# [GOAL OF THE EXERCISE]
Quote word for word the lines below, beginning with the first and ending with the one that has "Banc vestiaire lattes". Drop the pictures.

== AVAILABLE DATA

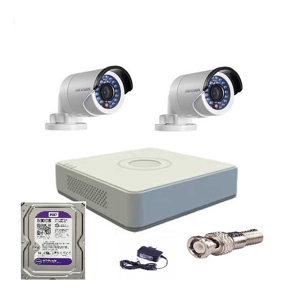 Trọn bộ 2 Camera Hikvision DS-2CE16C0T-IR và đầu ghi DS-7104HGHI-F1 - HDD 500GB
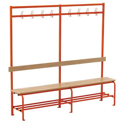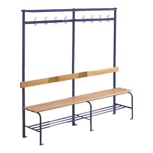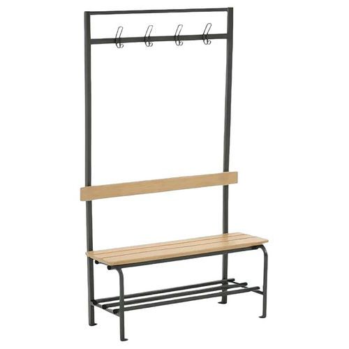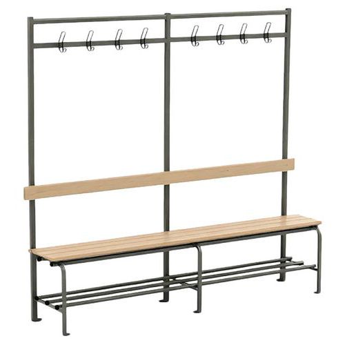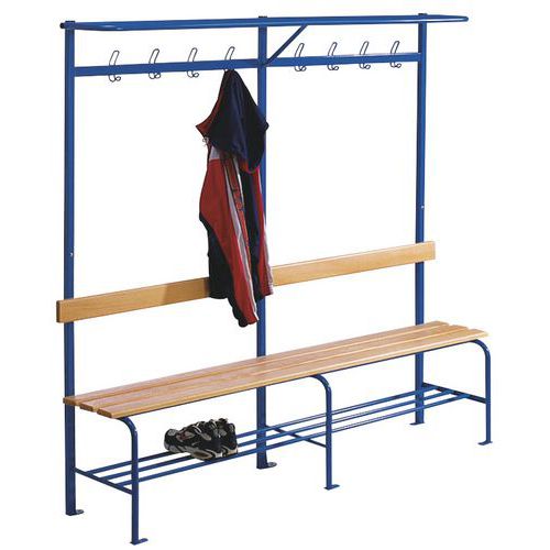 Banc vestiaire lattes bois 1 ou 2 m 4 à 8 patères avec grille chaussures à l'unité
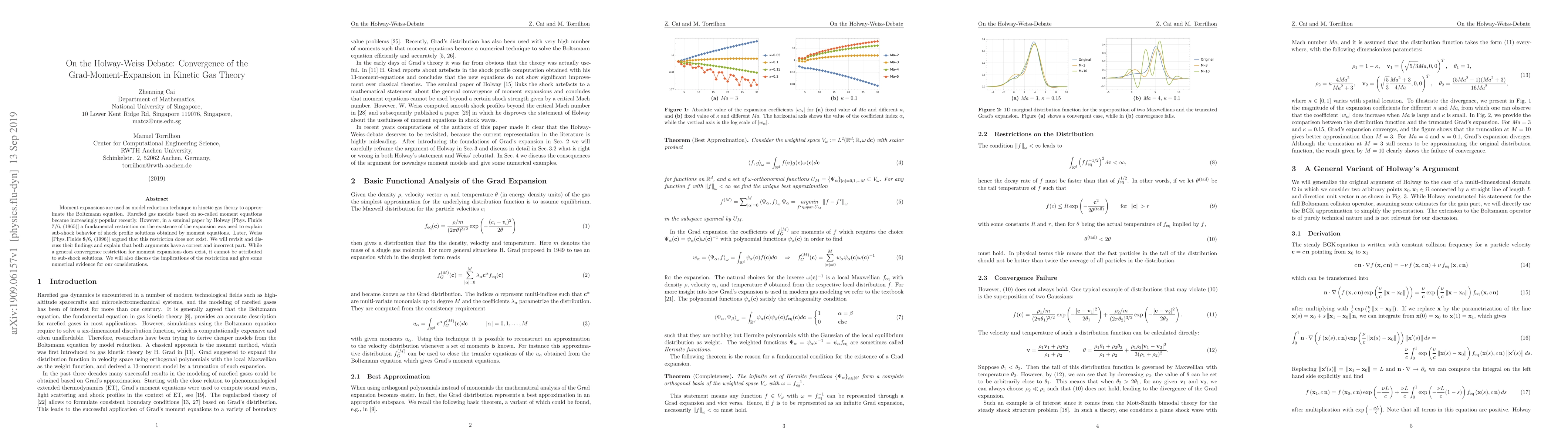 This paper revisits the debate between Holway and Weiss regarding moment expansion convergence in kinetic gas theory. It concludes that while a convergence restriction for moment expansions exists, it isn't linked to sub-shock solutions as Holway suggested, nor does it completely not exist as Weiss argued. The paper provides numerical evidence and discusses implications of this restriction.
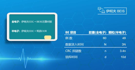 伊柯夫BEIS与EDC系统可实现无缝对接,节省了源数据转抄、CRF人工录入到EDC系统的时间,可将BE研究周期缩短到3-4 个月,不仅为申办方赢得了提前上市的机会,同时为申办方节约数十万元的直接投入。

====

# [TASK OUTPUT]
 Trọn bộ 2 Camera Hikvision DS-2CE16C0T-IR và đầu ghi DS-7104HGHI-F1 - HDD 500GB
 Banc vestiaire lattes bois 1 ou 2 m 4 à 8 patères avec grille chaussures à l'unité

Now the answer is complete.